* [What to do]
For each entry, restate it word for word while omitting any image it holds.

* [Stored records]
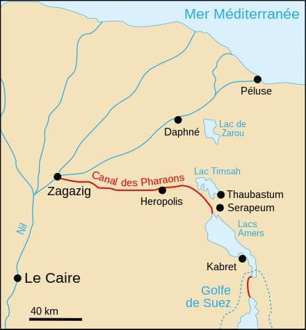 Particolari della Carta del canale dei Faraoni: tratteggiato il livello del Mar Rosso all’epoca di Sesostri III. Secondo le storie del Greco Erodoto, intorno al 600 avanti Cristo Il faraone Necao II intraprese i lavori di scavo, senza però terminarli. Il canale fu terminato da Dario Primo di Persia, che commemora la sua opera con diverse steli di granito disposte Sulle rive del Nilo, fra cui quella di Kabret, a 200 km da Pie. L’iscrizione di Dario dice: “Il re Dario ha detto: io sono persiano. Oltre alla Persia, Ho conquistato l’Egitto. Ordinai di scavare questo canale dal fiume chiamato Nilo che scorre in Egitto al mare che inizia in Persia. Quando questo canale fu scavato come io avevo ordinato, navi sono andate dall’Egitto fino alla Persia, come io avevo voluto”. Il canale fu restaurato dal faraone ellenistico Tolomeo II nel 250 a. C.
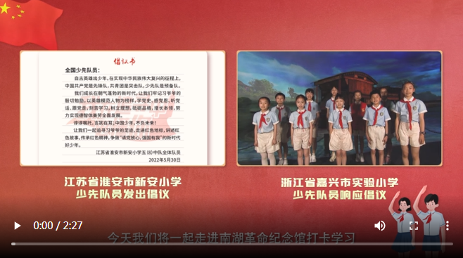 現(xiàn)代快報訊(記者 于露 王新月)2022年5月30日,是江蘇省淮安市新安小學(xué)少先隊員們收到習(xí)近平總書記回信一周年的日子。近日,他們向全國少先隊員發(fā)出“跟著習(xí)爺爺?shù)淖阚E學(xué)黨史”的倡議。浙江省嘉興市實驗小學(xué)的少先隊員們第一時間響應(yīng)倡議,追尋習(xí)爺爺?shù)淖阚E,打卡南湖革命紀念館,講述紅色故事,傳承紅色精神。
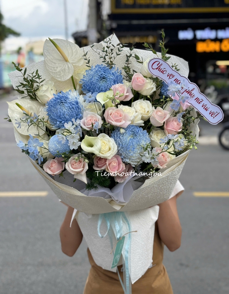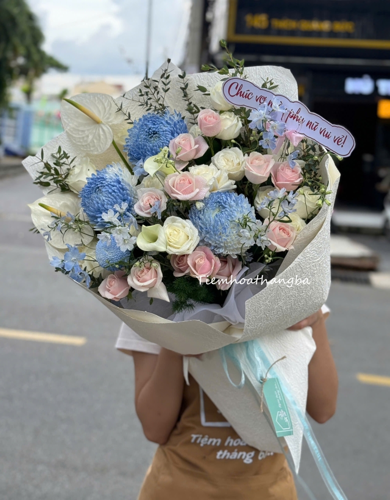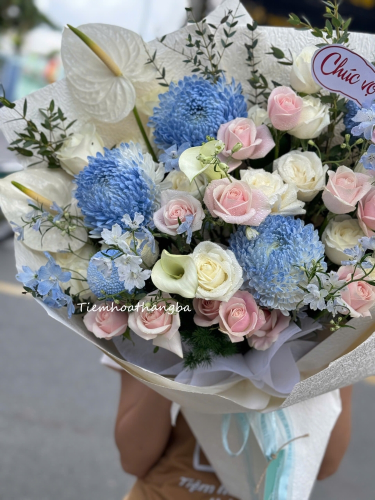 Bó hoa được phối hài hòa giữa sắc xanh pastel dịu nhẹ, trắng thanh khiết, cùng hồng phấn ngọt ngào, như lời thì thầm của tình yêu: nhẹ nhàng nhưng đầy sâu sắc. Mỗi bông cúc mẫu đơn xanh mang theo hơi thở của bình yên, hoa hồng pastel tượng trưng cho tình cảm chân thành, còn rum trắng điểm xuyến nét thanh lịch và cao quý. Tất cả được gói trong lớp giấy nhũ sang trọng, thắt nhẹ bằng ruy băng xanh pastel, tạo nên vẻ đẹp vừa hiện đại vừa lãng mạn.
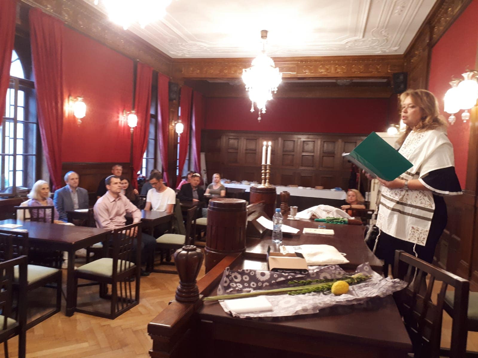 Vážení a milí přátelé, oslavu svátku stánků - v Izraeli svátku druhé sklizně - jsme přivítali společně v novém židovském roce 5779 v předvečer Sukot v pondělí 24. září 2018 od 18:00 hodin ve společenském sále ve 3. patře Maiselovy 18, Praha 1. Rituální část večera vedla kantorka ŽLU Hannah Maxová. Vystoupil pěvecký sbor ŽLU Rimon pod vedením Dany Krausové. Mohli jste se naučit sukotový zvyk, jak správně potřást pravým lulavem s etrogem (palmová ratolest, vrbové a myrtové větvičky s citrusovým plodem). Děti měly ke hraní plyšový lulav s etrogem a též omalovánky ovocných stromů. Na závěr setkání pro nás restaurace Šalom připravila občerstvení a košer víno.
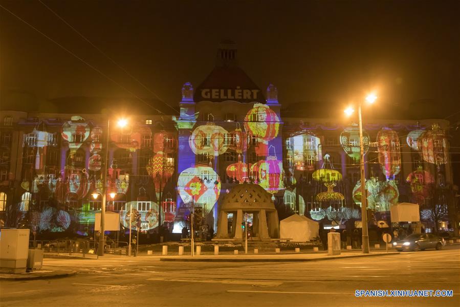 BUDAPEST, marzo 3, 2018 (Xinhua) -- Un trabajo de animaciones sobre China es proyectado en la fachada del Hotel Gellert, para celebrar el A?o del Turismo entre China y la Unión Europea (UE) en Budapest, Hungría, el 3 de marzo de 2018. (Xinhua/Attila Volgyi)
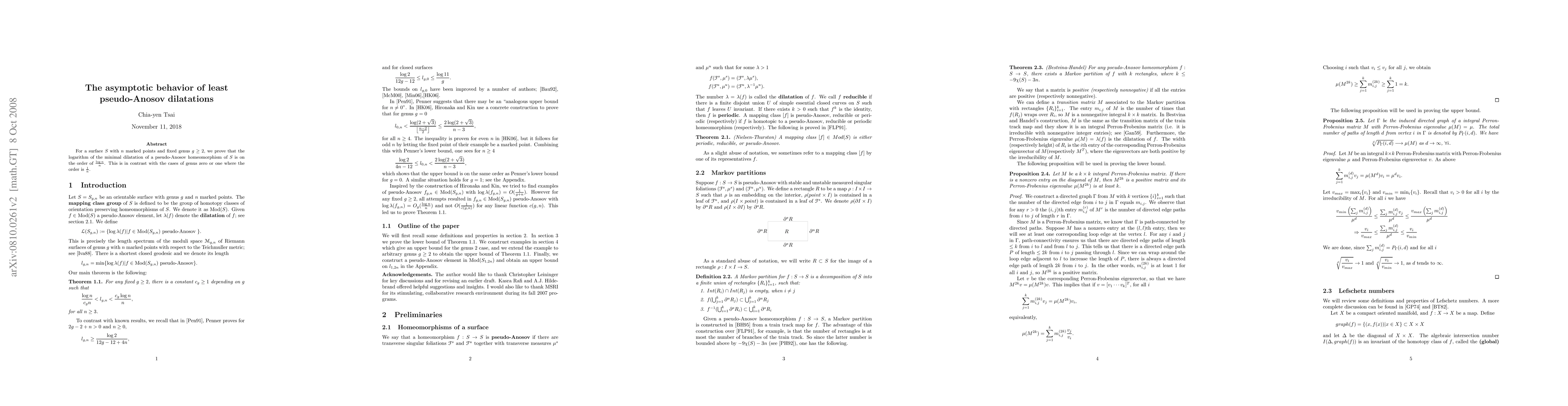Summary: This paper proves that for surfaces of fixed genus $g \geq 2$ with $n$ marked points, the logarithm of the minimal pseudo-Anosov dilatation scales as $(\log n)/n$, contrasting with the $1/n$ scaling observed for genus zero or one.

* [Answer for this exercise]
 Particolari della Carta del canale dei Faraoni: tratteggiato il livello del Mar Rosso all’epoca di Sesostri III. Secondo le storie del Greco Erodoto, intorno al 600 avanti Cristo Il faraone Necao II intraprese i lavori di scavo, senza però terminarli. Il canale fu terminato da Dario Primo di Persia, che commemora la sua opera con diverse steli di granito disposte Sulle rive del Nilo, fra cui quella di Kabret, a 200 km da Pie. L’iscrizione di Dario dice: “Il re Dario ha detto: io sono persiano. Oltre alla Persia, Ho conquistato l’Egitto. Ordinai di scavare questo canale dal fiume chiamato Nilo che scorre in Egitto al mare che inizia in Persia. Quando questo canale fu scavato come io avevo ordinato, navi sono andate dall’Egitto fino alla Persia, come io avevo voluto”. Il canale fu restaurato dal faraone ellenistico Tolomeo II nel 250 a. C.
 現(xiàn)代快報訊(記者 于露 王新月)2022年5月30日,是江蘇省淮安市新安小學(xué)少先隊員們收到習(xí)近平總書記回信一周年的日子。近日,他們向全國少先隊員發(fā)出“跟著習(xí)爺爺?shù)淖阚E學(xué)黨史”的倡議。浙江省嘉興市實驗小學(xué)的少先隊員們第一時間響應(yīng)倡議,追尋習(xí)爺爺?shù)淖阚E,打卡南湖革命紀念館,講述紅色故事,傳承紅色精神。
 Bó hoa được phối hài hòa giữa sắc xanh pastel dịu nhẹ, trắng thanh khiết, cùng hồng phấn ngọt ngào, như lời thì thầm của tình yêu: nhẹ nhàng nhưng đầy sâu sắc. Mỗi bông cúc mẫu đơn xanh mang theo hơi thở của bình yên, hoa hồng pastel tượng trưng cho tình cảm chân thành, còn rum trắng điểm xuyến nét thanh lịch và cao quý. Tất cả được gói trong lớp giấy nhũ sang trọng, thắt nhẹ bằng ruy băng xanh pastel, tạo nên vẻ đẹp vừa hiện đại vừa lãng mạn.
 Vážení a milí přátelé, oslavu svátku stánků - v Izraeli svátku druhé sklizně - jsme přivítali společně v novém židovském roce 5779 v předvečer Sukot v pondělí 24. září 2018 od 18:00 hodin ve společenském sále ve 3. patře Maiselovy 18, Praha 1. Rituální část večera vedla kantorka ŽLU Hannah Maxová. Vystoupil pěvecký sbor ŽLU Rimon pod vedením Dany Krausové. Mohli jste se naučit sukotový zvyk, jak správně potřást pravým lulavem s etrogem (palmová ratolest, vrbové a myrtové větvičky s citrusovým plodem). Děti měly ke hraní plyšový lulav s etrogem a též omalovánky ovocných stromů. Na závěr setkání pro nás restaurace Šalom připravila občerstvení a košer víno.
 BUDAPEST, marzo 3, 2018 (Xinhua) -- Un trabajo de animaciones sobre China es proyectado en la fachada del Hotel Gellert, para celebrar el A?o del Turismo entre China y la Unión Europea (UE) en Budapest, Hungría, el 3 de marzo de 2018. (Xinhua/Attila Volgyi)
Summary: This paper proves that for surfaces of fixed genus $g \geq 2$ with $n$ marked points, the logarithm of the minimal pseudo-Anosov dilatation scales as $(\log n)/n$, contrasting with the $1/n$ scaling observed for genus zero or one.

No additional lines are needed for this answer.